Decisions integration functionates as follows:
- a number of base classifiers is selected and trained;
- metadata for the neural network training is prepared. For that, base classifiers are tested using the interpreted data sample. Then for each test sample a vector of base classifiers decisions is generated. Then, a component which includes the true class value of the test sample is added to the decisions vector;
- meta-data sample is used for training the neural network that performs decisions integration.
Modular neural networks method
For modular neural networks it is proposed to use the so-called gating network (neural network for assessing the classifiers’ competence for a particular input vector of data provided for classifiers).
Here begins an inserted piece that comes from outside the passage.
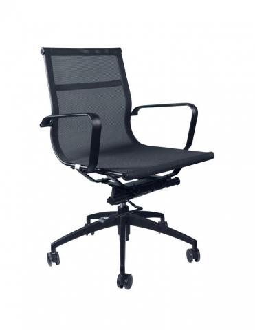 Great for executives or boardrooms – Features hard wearing and breathable mesh, back bar easily manoevres chair, 580mm footprint for mulitple boardroom positions, knee tilt mechanism with tension control, 5 year commercial warranty

This option represents the neural network paradigm to integrate decisions based on competences. The corresponding theory is called mixture of experts. Each classifier is associated with the so-called "referee" program, which predicts its competence degree with respect to a specific input, that a set of base classifiers is provided with (Fig. 3).
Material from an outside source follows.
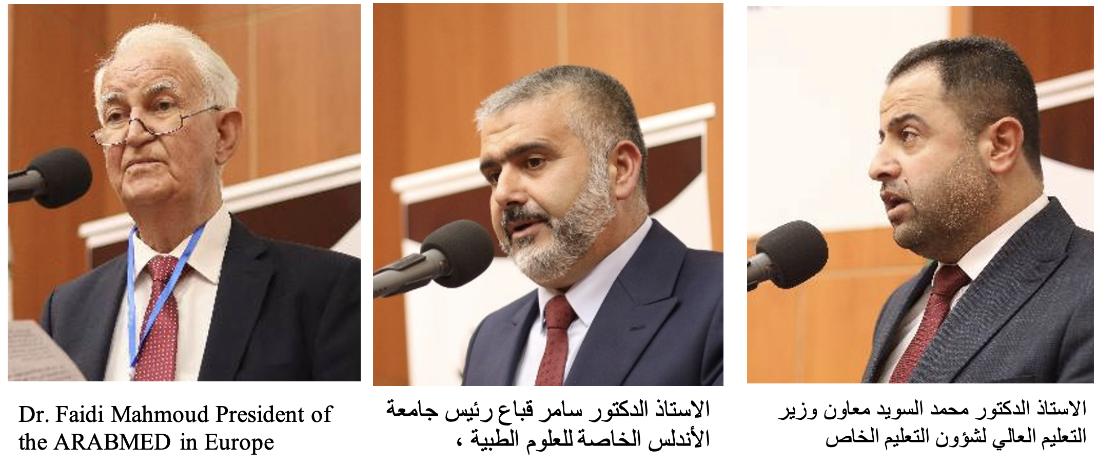 للعلوم الطبية في القدموس في سوريا،.برعاية الأستاذ الدكتور مروان الحلبي وزير التعليم العالي والبحث العلمي الذي مثله الأستاذ الدكتور محمد السويد معاون وزير التعليم العالي لشؤون التعليم الخاص، وبحضور الاستاذ الدكتور سامر قباع رئيس جامعة الأندلس الخاصة للعلوم الطبية والدكتور فيضي محمود رئيس اتحاد الأطباء العرب في أوروبا والاستاذة الدكتورة عبير قدسي معاون وزير التعليم للشؤون الإدارية و السيد سامي الزخ نائب محافظ طرطوس ممثلاً عن السيد المحافظ ورئيس جامعة طرطوس الاستاذ الدكتور أديب برهوم والدكتور أسامة الببيلي رئيس المؤتمر ممثل الاتحاد في دول الخليج ومعاون مدير الشؤون السياسية في الساحل السوري الأستاذ رأفت جيلو و نقيب صيادلة سوريا الدكتور ابراهيم الاسماعيل وممثل وزارة الطوارئ والكوارث الأستاذ عبد الكافي كيال مدير مديرية الدفاع المدني في محافظة اللاذقية و الدكتور محمد الشريف نقيب أطباء حماة ممثلاً عن نقيب أطباء سوريا وعدد من ممثلي الجهات العامة والخاصة

Depending on the input vector X, decisions of different classifiers can be somehow selected and used in order to obtain a combined decision. Number of inputs of predicting network equal to the dimension of the input vector of feature space. Number of network outputs equal to the number of classifiers L. Given a specific input vector, predicting neural network is trained to predict the competence degree of each classifier, i.e. evaluation of the fact that the classifier provides the correct decision. The degree of competence is represented by the number on the interval [0,1].
Ensembles of Neural Networks
Also, decisions integration system architecture, which consists of several “experts” (neural networks) is proposed. Combining the knowledge of neural networks in the ensemble proved to be effective, demonstrating the prospects of application of the collective recognition technology to overcome the problem of "fragility".
The ensemble of neural networks - a set of neural network models, that makes the decision by averaging the results of the individual models. Depending on how the ensemble is constructed, its use allows to solve one of two problems: the tendency of base neural network architecture to underfit (this problem is solved by boosting meta-algorithm), and tendency of the base architecture to overfit (bagging meta-algorithm).
There are various universal voting schemes, for which the winner is the class:
- maximum - with a maximum response of the ensemble members;
- average - with the highest average response of the ensemble members;
- majority - with the largest number of votes of the members of the ensemble.
My question
Which scheme of collective recognition is most suitable for symbol/digit recognition?
Mostly, I will work with digits. Data sources from which I took the information about the various schemes of collective classification dated 2006, and I am afraid that some methods may become obsolete.
I have mentioned the following methods:
- on the basis of competence areas
- on the basis of using a neural network to combine classifiers
- on the basis of modular neural networks
- on the basis of neural network ensembles.
Which method, potentially, can show better classification accuracy and performance in the task of symbols/digits recognition?
Or, are there new and more efficient methods of collective recognition/classification that I did not mention here?